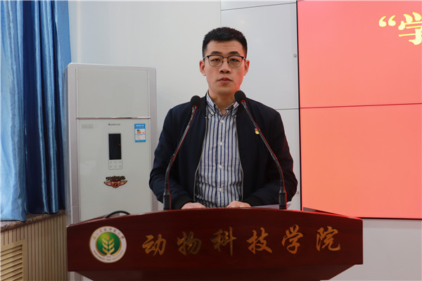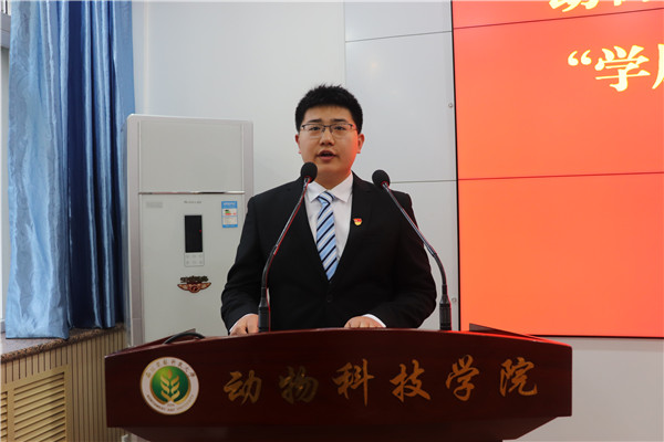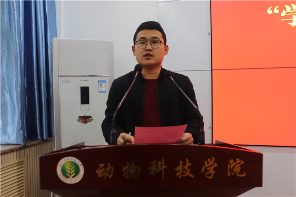 最后,党委副书记王力指出近年来,动科学院也在积极探索构建学风建设长效机制,不断提升人才培养质量,取得了显著成效。通过几年的探索,初步形成了“乐学-动力”、“勤学-引领”、“导学-共进”、“辅学-帮推”、“善学-创新”、“视学-养成”六方面的学风建设长效机制。为进一步推进学院学风建设他表示:一是要提高思想认识,狠抓学风建设,学习是学生的第一要务,大学是学生人生成长的重要环节。全体学生干部、班级学生干部带头抓学风。二是要创新方式方法,提升学风建设。通过开展系列富有成效的学习活动,树立一批学习标兵和典型,发挥示范引领作用。三是要发挥团学组织的作用,助力学风建设。全体学生要自觉成为学风建设的践行者、带头者,认真上课,按时上下课不迟到,不旷课,努力成为文明教室,文明宿舍,文明校园建设的主力军,把干部本色露出来,把干部的形象树起来,持续带头推动学院学风建设再上新台阶。最后王书记向参会全体学生提出倡议:“同学们,奋斗是青春最亮丽的本色,奋斗的青春最美丽,让我们大家携起手来努力奋斗在学风建设中去实践自己的奋斗青春!”
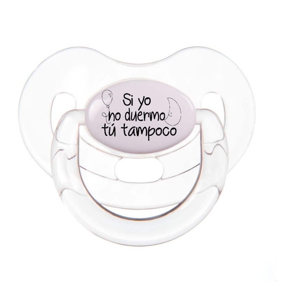 Ciuccio personalizzato con la frase "Se non dormo, nemmeno tu.", disponibile con la tenda anatomica in lattice o silicone nelle taglie piccola (0-6 mesi) e grande (6-36 mesi).
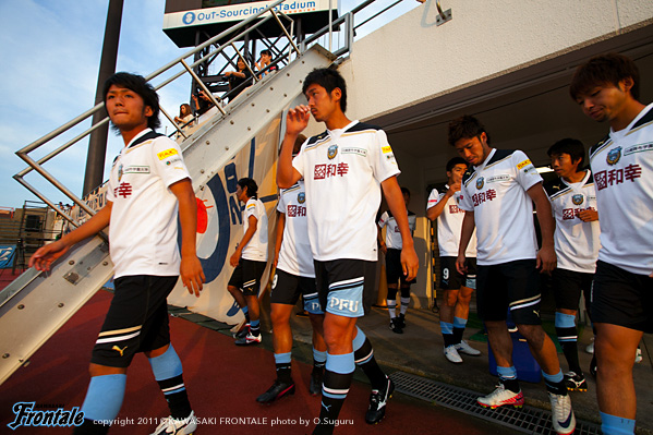 ハーフタイムのロッカールーム。「相手より走らないとダメだ。走っていたのは最初の10分だけだ。走れなければ申告するように。走り負けるな!」と相馬監督。「もう一回リセットして後半に入っていこう」と田中裕も声をかける。フロンターレは稲本に代わって中村がピッチへ。46分、フロンターレの攻撃。中村からの縦パスを矢島が受け、こぼれ球を山瀬が拾うがシュートには持ち込めず。50分、柴崎のロングボールからパスをつないでジュニーニョが左足でミドルシュートを放つが、ここはGKにセーブされる。51分、相手陣内でボールを奪い返してジュニーニョが右サイドから左足を振り抜くが、シュートはGK正面。53分、左サイドからジュニーニョがドリブル突破。クロスを入れるが矢島には合わず。さらにセカンドボールを拾って右サイドから田中裕が折り返しを入れるがDFにクリアされる。迎えた54分、高原の突破を止めた井川が2枚目のイエローカードを受けて退場処分に。フロンターレは10人での戦いを強いられる。56分、清水の攻撃。中盤左からのフリーキック。大前のボールはGK相澤がキャッチ。57分、田坂に代えて横山が入りセンターバックへ。59分、フロンターレの攻撃。中村が中盤でボールカット。矢島にボールを送るが、ここはファールで止められる。59分、右サイドからのフリーキック。中村がボールを入れるがGKにキャッチされる。60分、清水の攻撃。右サイド辻尾の突破は小宮山が対応。61分、フロンターレの攻撃。矢島のポストプレーからジュニーニョが左サイドに回り込みシュートを放つが、GKにキャッチされる。62分、中村のインターセプトからカウンターを狙うが、ジュニーニョはファールで止められる。64分、右サイドから勝負をしかけたジュニーニョがクロスを入れるが、矢島の前でDFにクリアされる。

### Your task
Repeat every line above precisely; pictures do not belong in the copy.

### Reply to the exercise
 最后,党委副书记王力指出近年来,动科学院也在积极探索构建学风建设长效机制,不断提升人才培养质量,取得了显著成效。通过几年的探索,初步形成了“乐学-动力”、“勤学-引领”、“导学-共进”、“辅学-帮推”、“善学-创新”、“视学-养成”六方面的学风建设长效机制。为进一步推进学院学风建设他表示:一是要提高思想认识,狠抓学风建设,学习是学生的第一要务,大学是学生人生成长的重要环节。全体学生干部、班级学生干部带头抓学风。二是要创新方式方法,提升学风建设。通过开展系列富有成效的学习活动,树立一批学习标兵和典型,发挥示范引领作用。三是要发挥团学组织的作用,助力学风建设。全体学生要自觉成为学风建设的践行者、带头者,认真上课,按时上下课不迟到,不旷课,努力成为文明教室,文明宿舍,文明校园建设的主力军,把干部本色露出来,把干部的形象树起来,持续带头推动学院学风建设再上新台阶。最后王书记向参会全体学生提出倡议:“同学们,奋斗是青春最亮丽的本色,奋斗的青春最美丽,让我们大家携起手来努力奋斗在学风建设中去实践自己的奋斗青春!”
 Ciuccio personalizzato con la frase "Se non dormo, nemmeno tu.", disponibile con la tenda anatomica in lattice o silicone nelle taglie piccola (0-6 mesi) e grande (6-36 mesi).
 ハーフタイムのロッカールーム。「相手より走らないとダメだ。走っていたのは最初の10分だけだ。走れなければ申告するように。走り負けるな!」と相馬監督。「もう一回リセットして後半に入っていこう」と田中裕も声をかける。フロンターレは稲本に代わって中村がピッチへ。46分、フロンターレの攻撃。中村からの縦パスを矢島が受け、こぼれ球を山瀬が拾うがシュートには持ち込めず。50分、柴崎のロングボールからパスをつないでジュニーニョが左足でミドルシュートを放つが、ここはGKにセーブされる。51分、相手陣内でボールを奪い返してジュニーニョが右サイドから左足を振り抜くが、シュートはGK正面。53分、左サイドからジュニーニョがドリブル突破。クロスを入れるが矢島には合わず。さらにセカンドボールを拾って右サイドから田中裕が折り返しを入れるがDFにクリアされる。迎えた54分、高原の突破を止めた井川が2枚目のイエローカードを受けて退場処分に。フロンターレは10人での戦いを強いられる。56分、清水の攻撃。中盤左からのフリーキック。大前のボールはGK相澤がキャッチ。57分、田坂に代えて横山が入りセンターバックへ。59分、フロンターレの攻撃。中村が中盤でボールカット。矢島にボールを送るが、ここはファールで止められる。59分、右サイドからのフリーキック。中村がボールを入れるがGKにキャッチされる。60分、清水の攻撃。右サイド辻尾の突破は小宮山が対応。61分、フロンターレの攻撃。矢島のポストプレーからジュニーニョが左サイドに回り込みシュートを放つが、GKにキャッチされる。62分、中村のインターセプトからカウンターを狙うが、ジュニーニョはファールで止められる。64分、右サイドから勝負をしかけたジュニーニョがクロスを入れるが、矢島の前でDFにクリアされる。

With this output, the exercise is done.